Sure you could dig through your browser history and check each song, but that might be a pain… All you remember is that you heard the song a few months ago and that it was in the electronic genre.

当然,您可以浏览浏览器的历史记录并检查每首歌曲,但这可能很痛苦……您所记得的是,几个月前您听到了这首歌,并且属于电子流派。

“Wouldn’t it be great,” you think to yourself, “if I had a record of my listening history? I could just look up the electronic songs from two months ago and I’d surely find it.”

“对我来说,如果我有自己的听力记录的话,那会不会很棒?” 我只需要查阅两个月前的电子歌曲,我肯定会找到它的。”

Today, you will build a basic Python class, called BandLeader that connects to bandcamp.com, streams music from the “discovery” section of the front page, and keeps track of your listening history.

今天,您将构建一个名为BandLeader的基本Python类, BandLeader连接到bandcamp.com ,从首页的“发现”部分流式播放音乐,并跟踪您的收听历史。

The listening history will be saved to disk in a CSV file. You can then explore that CSV file in your favorite spreadsheet application or even with Python.

收听历史记录将以CSV文件保存到磁盘。 然后,您可以在自己喜欢的电子表格应用程序中甚至使用Python浏览该CSV文件。

If you have had some experience with web scraping in Python, you are familiar with making HTTP requests and using Pythonic APIs to navigate the DOM. You will do more of the same today, except with one difference.

如果您有使用Python进行网络抓取的经验,那么您将熟悉发出HTTP请求并使用Pythonic API导航DOM。 除了一个区别之外,您今天将做更多相同的事情。

Today you will use a full-fledged browser running in headless mode to do the HTTP requests for you.

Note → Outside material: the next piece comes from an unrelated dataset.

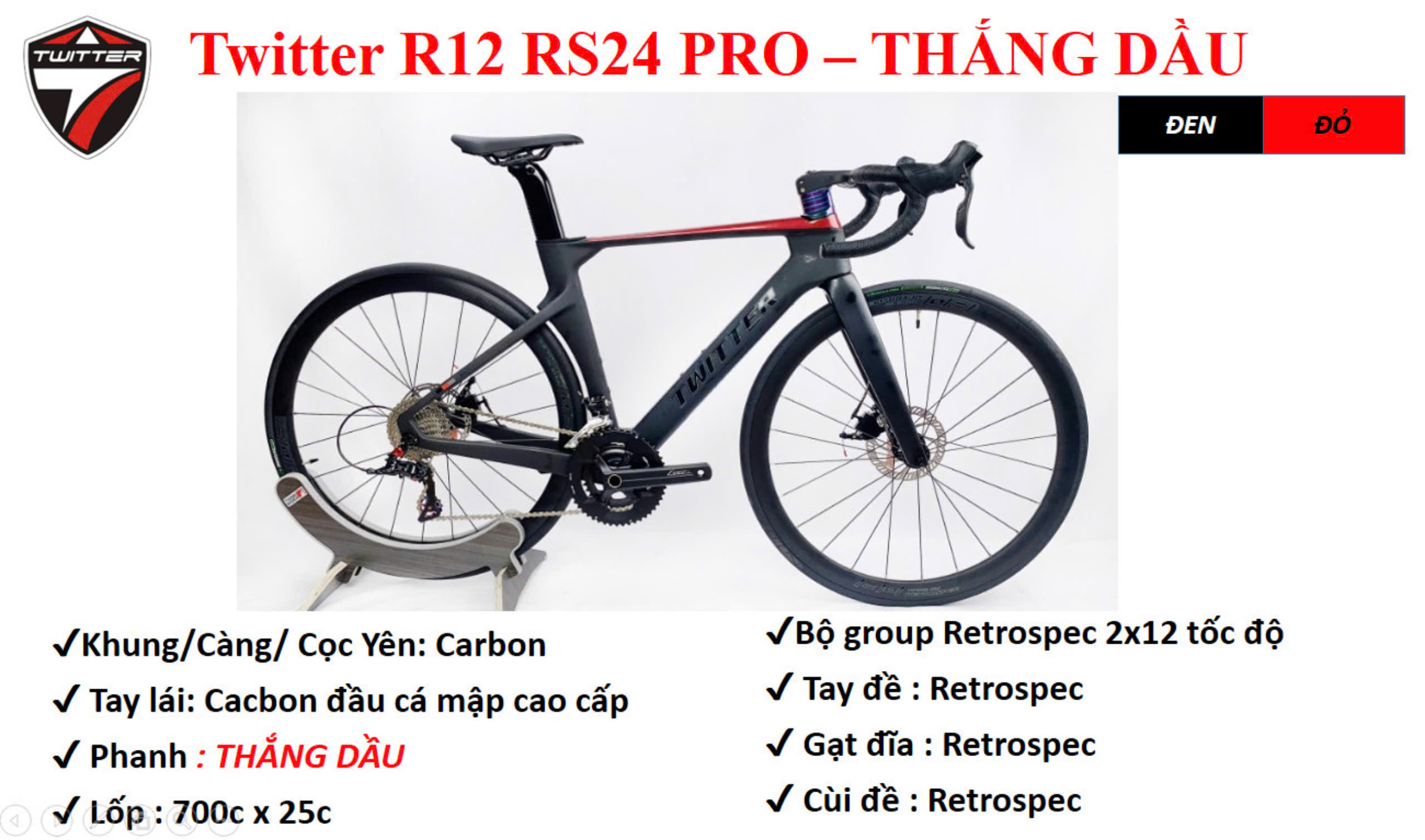 TWITTER R12 RS24 PRO – CARBON – PHANH DẦU – 2X12 RETROSPEC – 2025

今天,您将使用在无头模式下运行的功能强大的浏览器为您执行HTTP请求。

A headless browser is just a regular web browser, except that it contains no visible UI element. Just like you’d expect, it can do more than make requests: it can also render HTML (though you cannot see it), keep session information, and even perform asynchronous network communications by running JavaScript code.

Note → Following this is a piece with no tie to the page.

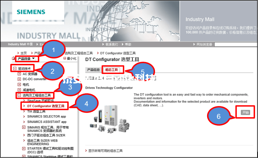 1. 點(diǎn)擊DT-C 網(wǎng)站鏈接,進(jìn)入“西門(mén)子中國(guó)網(wǎng)站”界面,在“產(chǎn)品目錄”下選擇“驅(qū)動(dòng)技術(shù)”>“選購(gòu)及工程組態(tài)工具”>“ DT Configurator 選型工具”,在“DT Configurator 選型工具”界面點(diǎn)擊“組態(tài)工具”>點(diǎn)擊“開(kāi)始”,進(jìn)入DT Configurator 選型工具組態(tài)界面。

无头浏览器只是普通的Web浏览器,只不过它不包含可见的UI元素。 就像您期望的那样,它不仅可以执行请求:它还可以呈现HTML(尽管您看不到它),保留会话信息,甚至可以通过运行JavaScript代码来执行异步网络通信。

If you want to automate the modern web, headless browsers are essential.

如果要自动化现代网络,无头浏览器必不可少。

Free Bonus: Click here to download a “Python + Selenium” project skeleton with full source code that you can use as a foundation for your own Python web scraping and automation apps.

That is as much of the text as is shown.